■ MATERIAL PROVIDED ■
------------------------------------------------------------

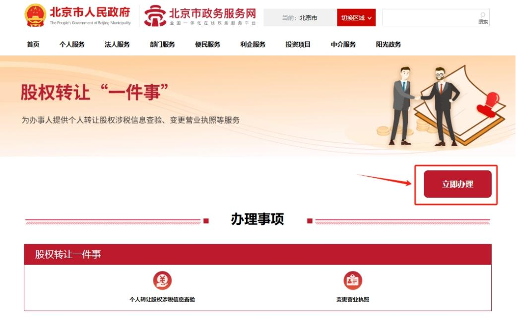 3.在股权转让“一件事”页面,点击“立即办理”。
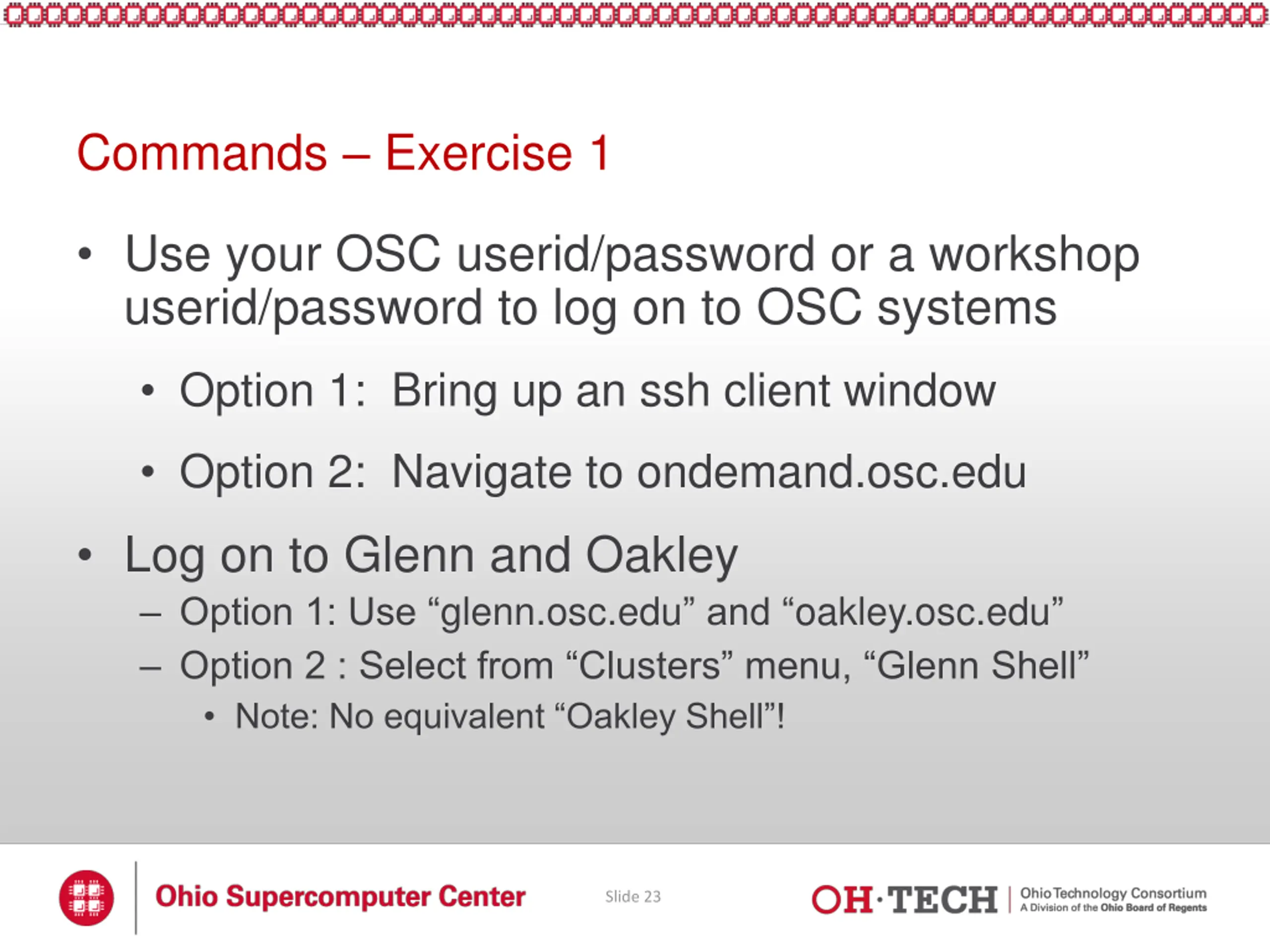 Commands Exercise 1 Use your OSC userid/password or a workshop userid/password to log on to OSC systems Option 1: Bring up an ssh client window Option 2: Navigate to ondemand.osc.edu Log on to Glenn and Oakley Option 1: Use glenn.osc.edu and oakley.osc.edu Option 2 : Select from Clusters menu, Glenn Shell Note: No equivalent Oakley Shell ! Slide 23
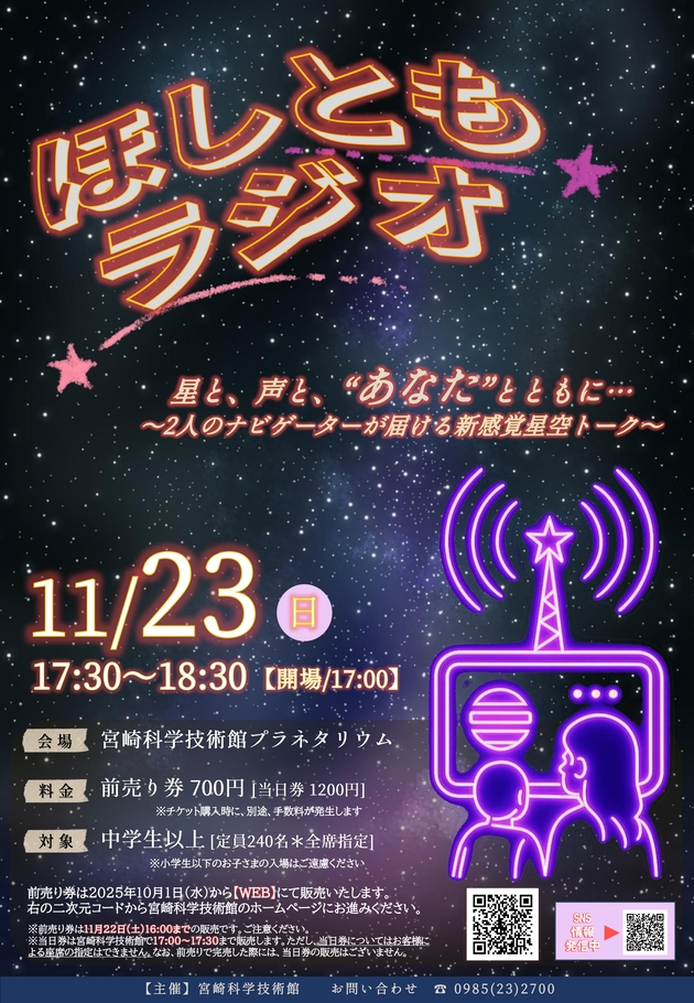 勤労感謝の日に贈るプラネタリウムプログラム。まるでラジオを聞いているかのようにリラックスして楽しめる新感覚の星空トークをお楽しみください。

------------------------------------------------------------

■ YOUR ASSIGNMENT ■
Copy out, with no pictures, the lines from the one containing "Commands Exercise 1" through the last line of the data above, both ends included and each word unchanged.

■ SOLUTION TO THIS TASK ■
 Commands Exercise 1 Use your OSC userid/password or a workshop userid/password to log on to OSC systems Option 1: Bring up an ssh client window Option 2: Navigate to ondemand.osc.edu Log on to Glenn and Oakley Option 1: Use glenn.osc.edu and oakley.osc.edu Option 2 : Select from Clusters menu, Glenn Shell Note: No equivalent Oakley Shell ! Slide 23
 勤労感謝の日に贈るプラネタリウムプログラム。まるでラジオを聞いているかのようにリラックスして楽しめる新感覚の星空トークをお楽しみください。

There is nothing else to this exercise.